I've run into this issue as well. Restarting the node where the issue appeared fixed it, except for one volume which is still not working.
Any updates on this? I'm having the same issues
Do you have any updates?
We are also facing this issue. It occurs any time a server has been crashed after trying to add a new pvc. Then we restart the server in the Hetzner Cloud Console. When the server has been started again, this new pvc is listet correctly in the Hetzner Cloud Console and in Kubernetes, but the pvc does not exists in /dev/disk/by-id/
.
same issue - happens only for large volumes. Is there a way to increase the timeout?
same here this driver is shockingly bad and that's one thing, but these threads are mostly ignored as far as I can tell
Same here on K3s v1.23.9+k3s1 Because I cannot check many topics at this moment, like node restart etc. I tried to help myself and create the mount manually into the right folder: (Don't repeat this, without to know the risk of data loss) /var/lib/kubelet/pods/(POD-UUID)/volumes/kubernetes.io~csi/(PVC-Name)/mount Pod pick this up and started correctly. This don't replace a node restart, which I will check later.
For me the PVC was attached to host and available in /dev/disk/by-id/ and /dev/ No errors in hetzer-csi pods or controller, beside the same like in pod:
level=error ts=2022-09-29T09:31:10.425207836Z component=grpc-server msg="handler failed" err="rpc error: code = Internal desc = failed to publish volume: exit status 1\nmke2fs 1.45.7 (28-Jan-2021)\nThe file does not exist and no size was specified.
When I can help, I will do.
We use "hetznercloud/hcloud-csi-driver:latest" and csi-driver-node binary was updated/pulled on 10.08.2022
Update: I'm asking Hetzner Support to look into this ticket. Maybe this helps.
@swarnat I left a similar message on another issue related to this problem. The problem is rke or k3s > it just won't play nice with hetzner csi I've since then switched to vanilla (via kubeone) deployments, and no issues what so ever
Every day an interesting project. Thanks for mentioning kubeone. I never heard from that tool and will check, what we need to adjust to setup vanilla k8s ourself.
Probably it will help somebody: kubeone works as solution, but I cannot forget this problem, because "vitobotta/hetzner-k3s project" was my step into world of Kubernetes. So I investigate the problem a little bit more.
I tried with node restarts, but not helps. Then I manually remove the VolumeAttachment entry of PVC and this solves the situation automatically. I suppose the problem is based within the code, which check, if a VolumeAttachment must be removed/reinitialized.

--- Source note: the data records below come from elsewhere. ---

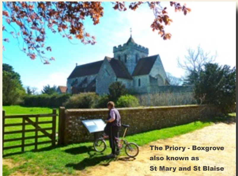
The Priory - Boxgrove also known as St Mary and St Blaise
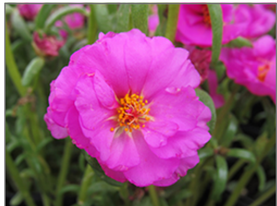
Happy Hour Rosita Portulaca flowers
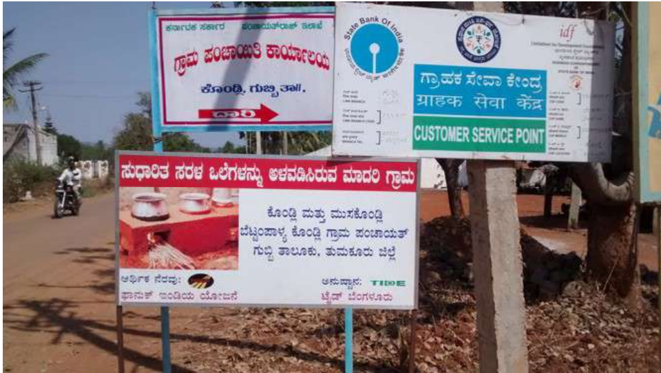
Figure 3: Smokeless village board
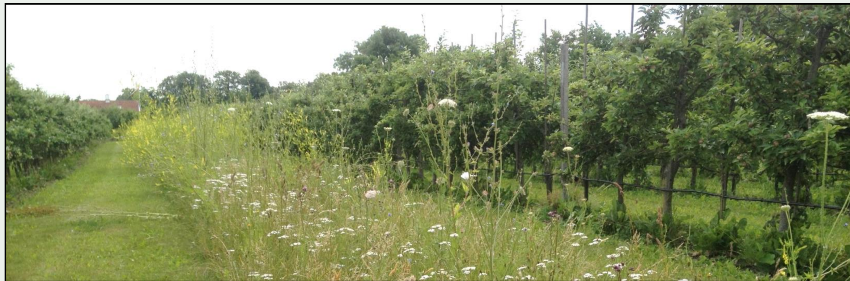
Fig. 2: Flower strips in the interrows of apple trees. Pest and predator assessments are compared between plots with and without flower strips.
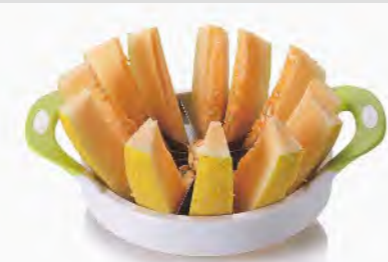
ART NO:B475 MELON CUTTER SIZE:Φ22xH6.2cm MEAS/QTY:47x45.5x65cm/24set GW/NW:16.6/12.2kgs 20'/40':4776/9576set
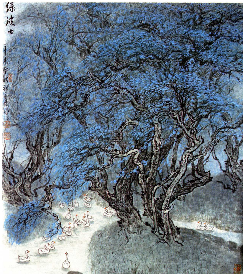
綠波曲 Green Waves
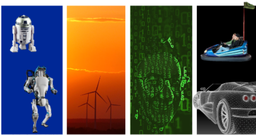
Bot arm
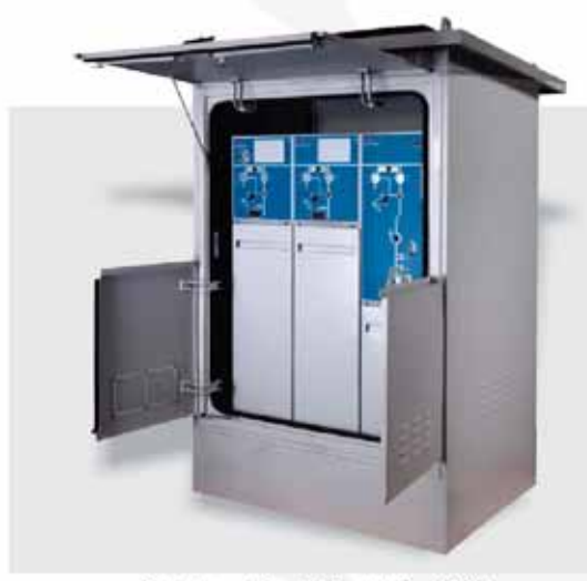
Outdoor Ring Main Unit - KKV Type iGIS
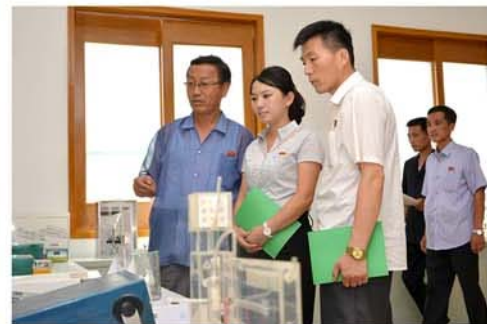
The administrators and teachers endeavour to study and introduce new teaching methods.
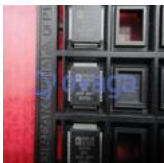
ADV7341BSTZ Analog Devices, Inc LQFP-64
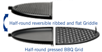
Half-round reversible ribbed and flat Griddle
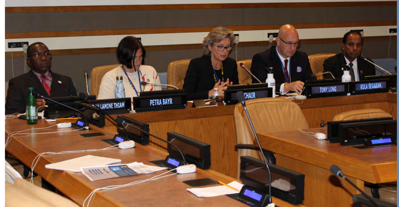
PICTURED (FROM LEFT TO RIGHT):

A particular focus of PGA's Campaign is to build political will for the national implementation of new international regulatory frameworks for that purpose. That, in turn, will create a more sustainable fishing and seafood industry that will contribute to greater food security, prevention of health problems, and reduction of marine pollution.
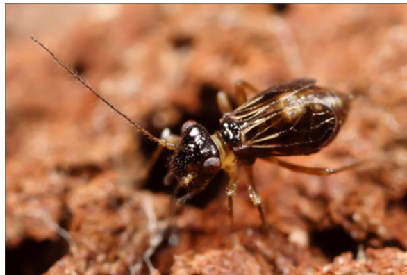
Fig. 3. Ectopsocus axillaris (Smithers, 1969).

Ectopsocidae do not possess an areola postica in the forewings, but unlike Peripsocidae, the vertex is pilose. In Belgium, they are only represented by the genus Ectopsocus . Both Ectopsocus petersi Smithers, 1978 and Ectopsocus briggsi McLachlan, 1899 have been introduced in Belgium. Ectopsocus briggsi was first observed in 1919 (BALL, 1920a,b) and E. petersi in 1983 (SCHNEIDER, 1989), but they are now among the most common Psocoptera in natural habitats.
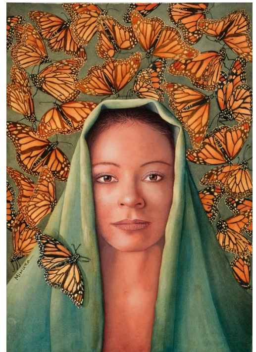
2016 Best of Show: Alma with Monarchs by Muriel Mimura
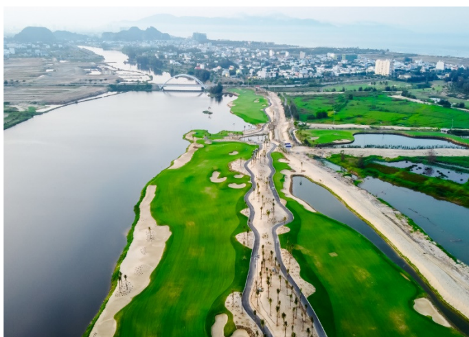
Hoiana Shores designed by Robert Trent Jones Jnr
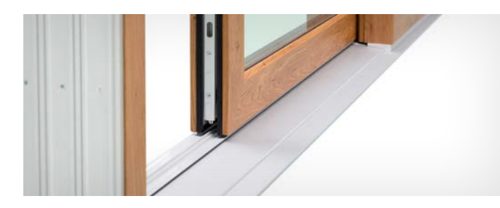
As a standard, three locking hooks that improve safety. The possibility to install modern anti-burglary elements ensuring higher safety level.
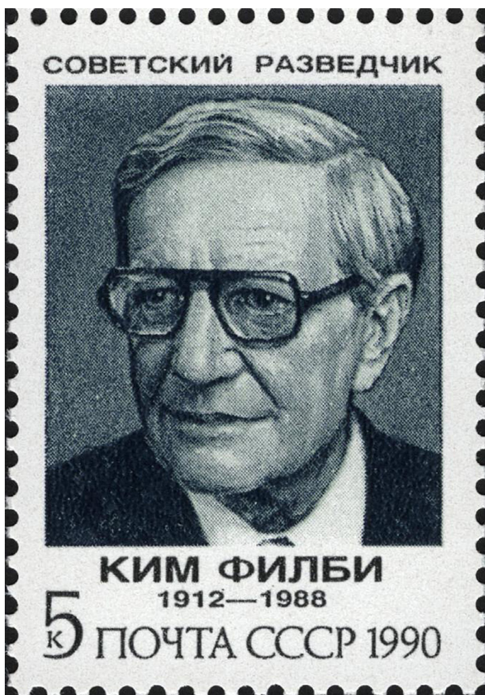
Francobollo sovietico del 1990 in memoria di Kim Philby (1912-1988), ufficiale dell'intelligence service di fede comunista e spia sovietica.
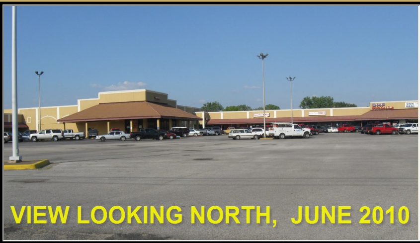
VIEW LOOKING NORTH, JUNE 2010
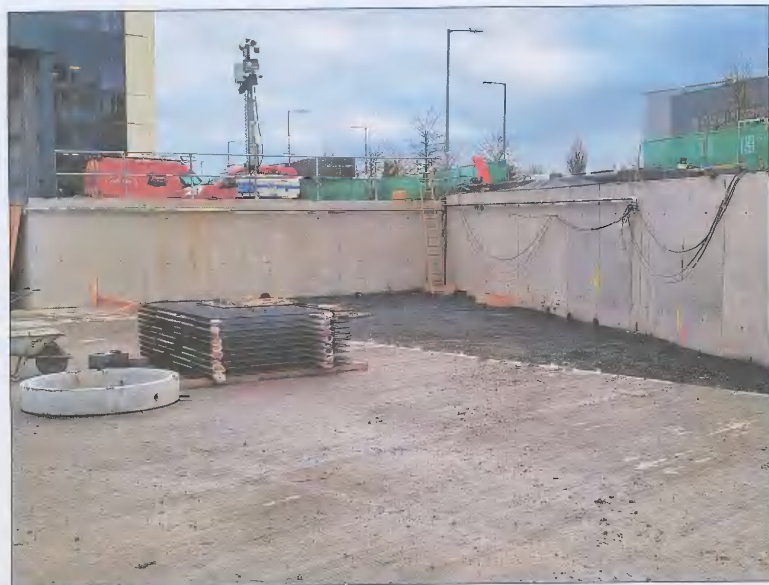
PICTURE 1: GENERATOR AND GAS TANK LOCATION AT DEVELOPMENT (AT THE CORNER)
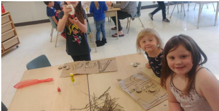
St. Edmunds School Visit
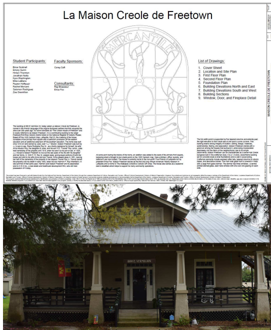
FY 2023-2024 HPF Grant, ULL School of Architecture & Design Historic American Buildings Survey & StoryMap La Maison Creole de Freetown https://arccg.is/0BRB5K

To learn more about the Division of Historic Preservation, view this VIDEO about the programs we offer.
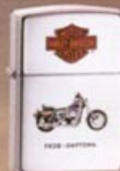
No. 250HD H102 High Polish Chrome FXDB Daytona
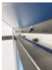
Carpentry made of AISI 034 stainless steel
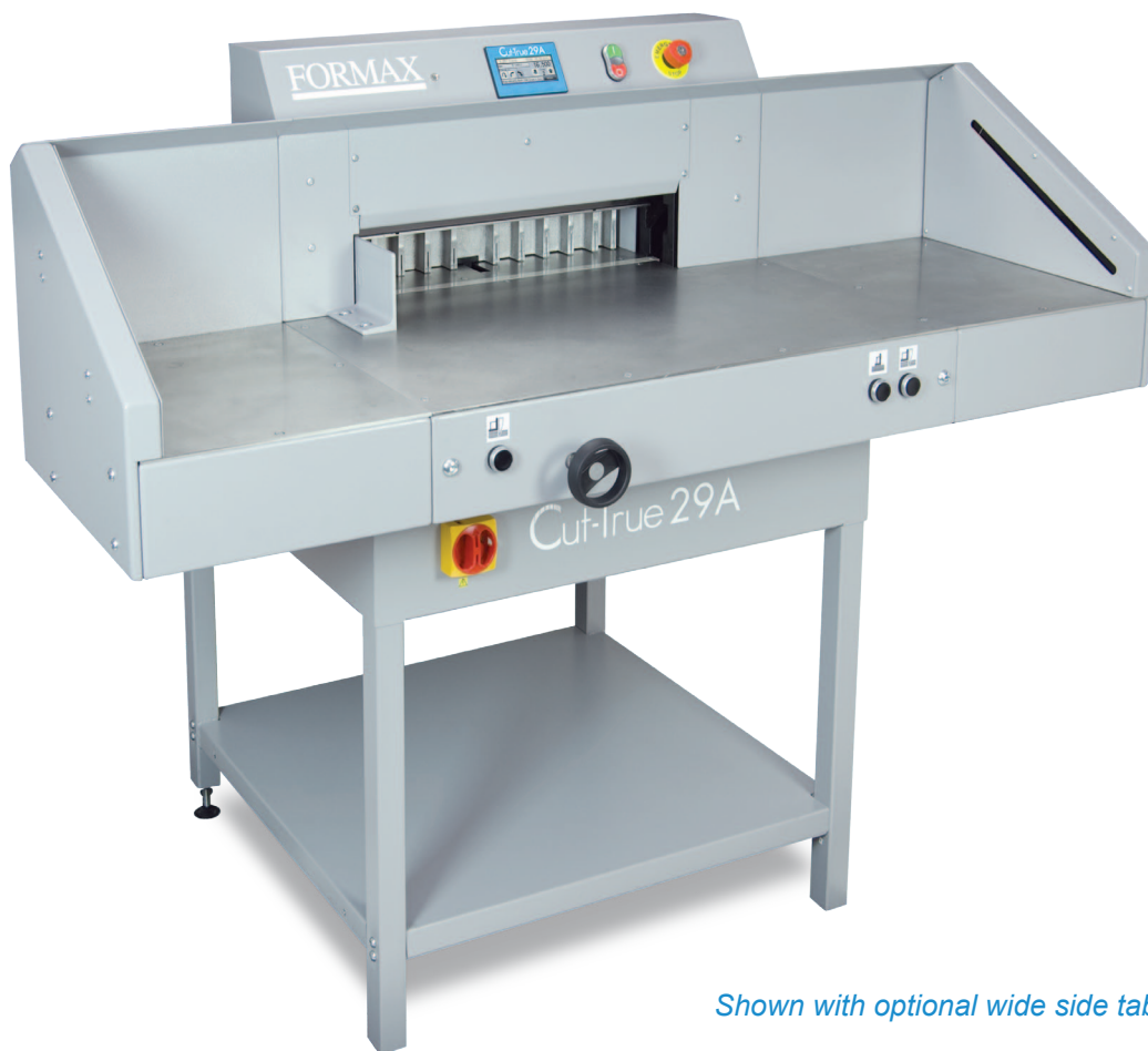
Shown with optional wide side tables

The Formax Cut-True 29A Electric Guillotine Paper Cutter offers precision cutting for paper stacks up to 20.5" wide. User-friendly, intuitive features include a touchscreen control panel, automatically-adjusting back gauge and the capacity to program up to 100 jobs/100 cuts . An infrared light beam safety curtain provides safety and convenience as it shuts down operation if the light plane is interrupted.
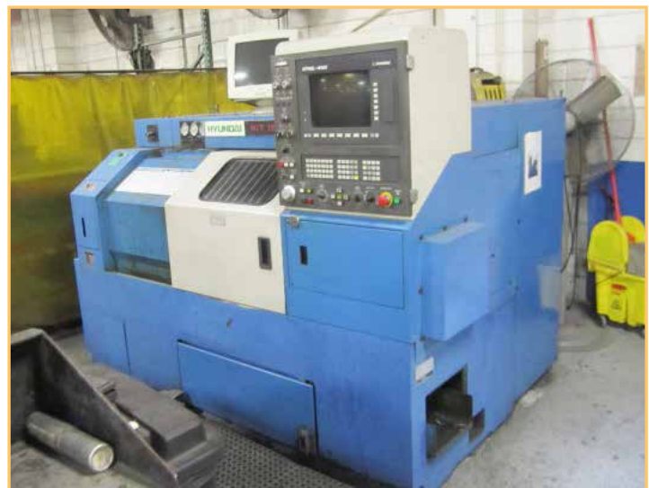
HYUNDAI HIT5S 2-AXIS CNC TURNING CENTER
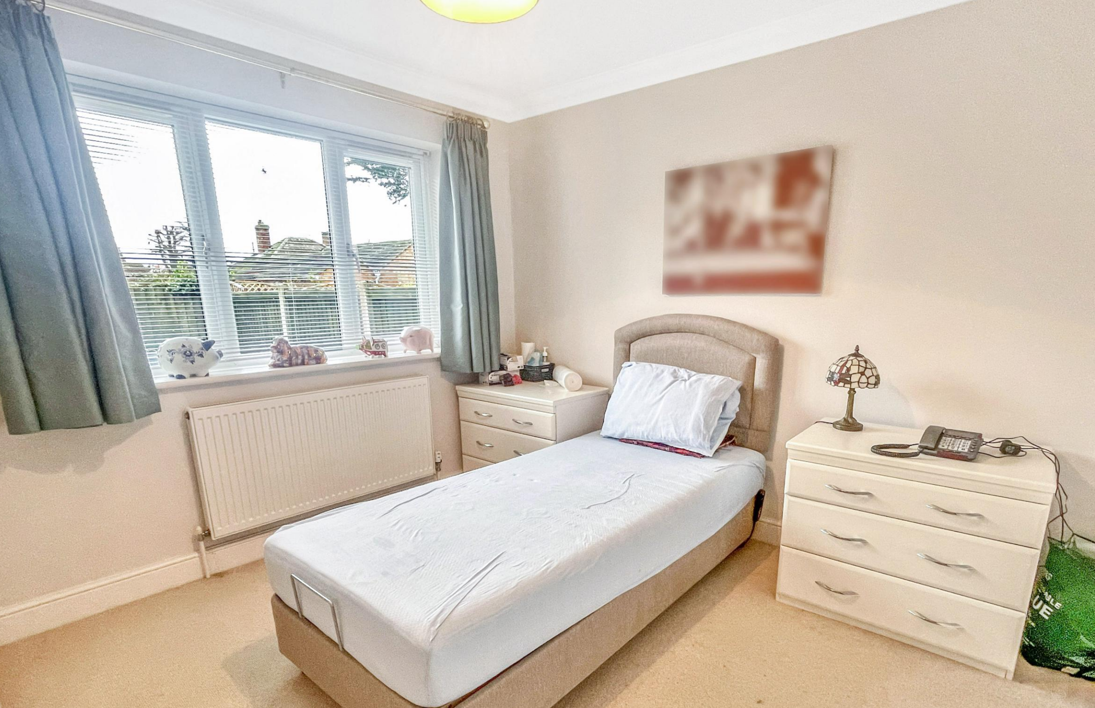
Church Road, Tiptree, Colchester, CO5 0SU
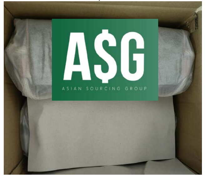
The results reflect our findings at time and place of inspection. This report does not relieve sellers/manufacturers from their contractual liabilities or prejudice buyers' right for compensation for any apparent and/or hidden defects, not detected during our random inspection or occurring thereafter. This report does not evidence shipment.
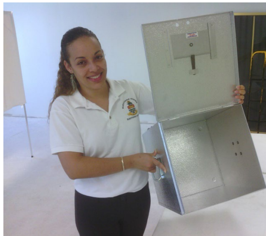
Ballot Box Shown Open & Empty
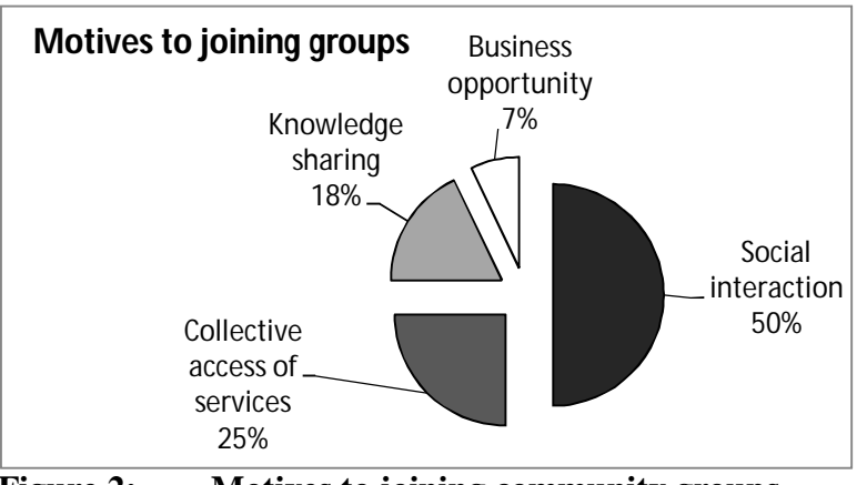
Figure 2:Motives to joining community groups
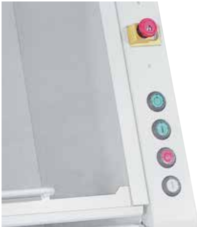
Clearly designed control panel permits convenient document shredder handling
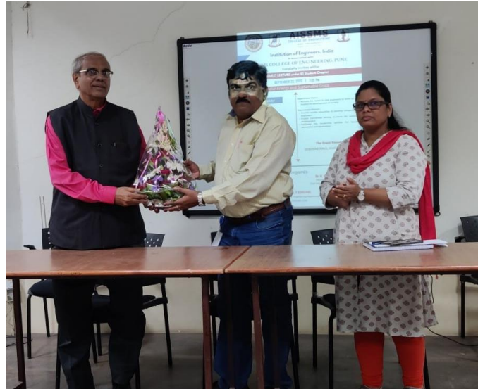
Felicitation of Er Saraf Sir
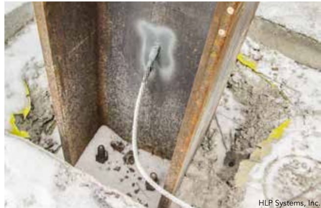
▲ At column bottom, an exothermic weld connects a cable leading to ground electrodes.

ing steel columns provided electrical continuity between new rooftop air terminals and ground electrodes—without damaging interior finishes.
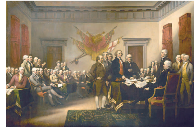
John Trumbull, Declaration of Independence , painted 1819.
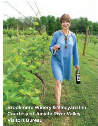
Brookmere Winery & Vineyard Inn

It's a place that often feels a world apart but is truly in the center of it all.

I will try, if I can debug CSI Driver a little bit, but probably this is beyond my knowledge at the moment.
So the manual workaround for me, was:
# example: kubectl get volumeattachment | grep pvc-9a627590-1234-5678-905a-fb6089af008f
kubectl get volumeattachment | grep pvc-id
# example: kubectl delete volumeattachment csi-8e250e6be1c12345678aacf437308cf6650f431a90db43b1a4ce559f46da7ad6
kubectl delete volumeattachment csi-id
Thanks @swarnat , that workaround works.
hcloud-csi-driver level=error ts=2022-12-09T06:24:54.932343015Z component=grpc-server msg="handler failed" err="rpc error: code = Internal desc = failed to publish volume: exit status 1\nmke2fs 1.46.4 (18-Aug-2021)\nThe file does not exist and no size was specified.\n"
Looking at the error, we can see there is an extra space after file in file does not...
. Additionally, the log line component=linux-mount-service msg="formatting disk" disk= fstype=ext4
reveals the disk
variable is empty. It seems the CSI isn't getting the device path.
I had a quick look at the CSI spec, it seems the NodePublishVolume()
request is the thing which is failing. Specifically it looks like the path isn't in the map here https://github.com/hetznercloud/csi-driver/blob/main/driver/node.go#L60.
That map[string]string
is apparently set by ControllerPublishVolume()
:
message NodePublishVolumeRequest {
// The ID of the volume to publish. This field is REQUIRED.
string volume_id = 1;
// The CO SHALL set this field to the value returned by
// `ControllerPublishVolume` if the corresponding Controller Plugin
// has `PUBLISH_UNPUBLISH_VOLUME` controller capability, and SHALL be
// left unset if the corresponding Controller Plugin does not have
// this capability. This is an OPTIONAL field.
map<string, string> publish_context = 2;
This leads to https://github.com/hetznercloud/csi-driver/blob/main/driver/controller.go#L176-L190 which in turn calls https://github.com/hetznercloud/csi-driver/blob/6beac22cec3523a338241ead8a9f6f394c15c666/api/volume.go#L83-L101.
I'd guess the issue is in there somewhere, perhaps the hcloud API doesn't always return a LinuxDevice ?
https://github.com/hetznercloud/csi-driver/pull/343
I'll run my branch for a while and let people know if this resolves the issue.
I am a bit skeptical though, the Attach
API should already be checking if we are attached (as we'd expect it to)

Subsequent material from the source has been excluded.